Meeting Report

It's the network

Ask a systems biologist what they do, and you could be in for a long conversation. Speaking at the June 2, 2009, meeting of the Academy's Systems Biology Discussion Group, Andrea Califano of Columbia University admitted as much. "Nobody has an elevator pitch about what systems biology is, and in fact many people disagree on what the term actually means," said Califano.

Cancer is a problem tailor-made for systems biology.

Nonetheless, some common themes permeate the field. Systems biologists generally study molecules, whole cells, tissues, and organisms simultaneously, and they rely heavily on computers to map the complex, layered networks of signals that connect these levels of organization.

At the June meeting, four prominent systems biologists took up a biological problem tailor-made for this research strategy: cancer. As their results showed, the systems approach can reveal both interesting biology and promising new therapeutic targets for one of the world's deadliest diseases.

ARACNe unravels signaling webs

Andrea Califano followed his brief overview of systems biology with a brisk tour of his laboratory's recent work, which entails reverse-engineering cellular signaling pathways. The idea is to build a detailed map of the cell's communication network, revealing new ways to influence complex processes such as tumor development.

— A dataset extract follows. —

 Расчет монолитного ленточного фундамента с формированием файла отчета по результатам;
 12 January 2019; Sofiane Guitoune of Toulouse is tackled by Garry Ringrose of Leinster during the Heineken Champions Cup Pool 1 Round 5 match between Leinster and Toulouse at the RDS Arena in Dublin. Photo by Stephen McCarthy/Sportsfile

One of the lab's major accomplishments was developing the Algorithm for the Reconstruction of Accurate Cellular Networks, or ARACNe. The algorithm takes signal transduction data as an input, and uses information theory to determine how signals travel through the cell. "The idea was that if some information was exchanged between two gene products in the cell, you have to find some kind of a pathway using these two gene products to get there," said Califano.

An ARACNe analysis of a signaling pathway yields the minimal network that can explain all of the observed information flow. That's not necessarily how the real network works, though—the data going into the model could be incomplete, or evolution could have chosen a more convoluted solution. To address that possibility, Califano and his colleagues check ARACNe's predictions with biochemical experiments. Sometimes, the results are surprising.

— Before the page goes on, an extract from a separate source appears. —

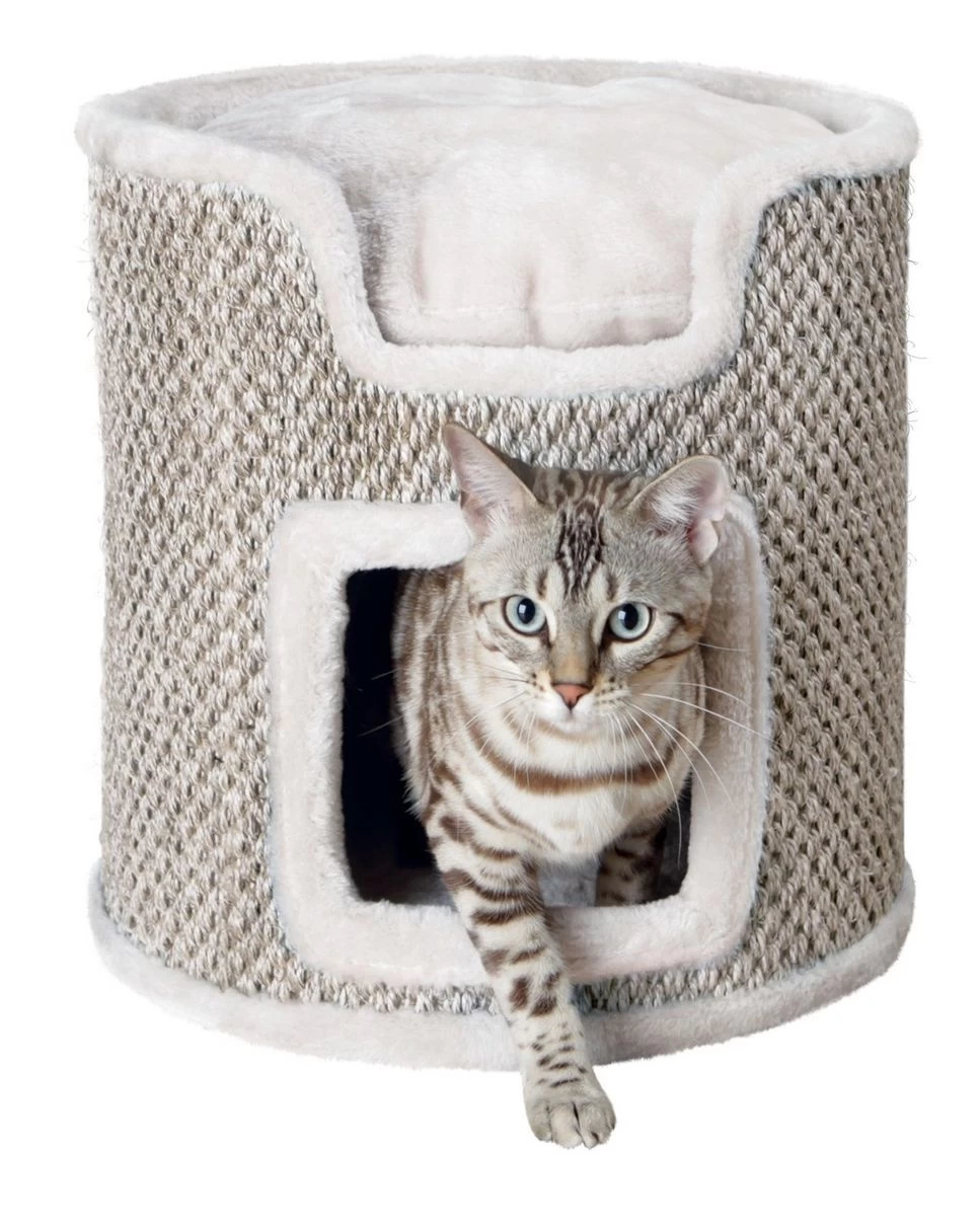 Votre petit félin pourra se prélasser pendant de longs moments dans sa cachette pour chat cat tower de trixie en sisal et peluche douce !

Computational methods for reverse-engineering are starting to achieve accuracy and sensitivity comparable to the best high-throughput experimental assays.

For example, an analysis of developmental signaling in embryonic stem cells revealed numerous genes that were likely to be regulated by transcription factors and other DNA-binding proteins. Biochemists had already identified some of these regulators, but others were new to science—or perhaps just artifacts of ARACNe. To test some of these previously unknown regulatory interactions, Califano's team used chromatin immunoprecipitation onto microarrays, or ChIP–Chip, a common technique for probing protein–gene interactions. Of the ten most likely interactions ARACNe had highlighted, ChIP–Chip only confirmed one, suggesting that ARACNe was predicting interactions that didn't really occur.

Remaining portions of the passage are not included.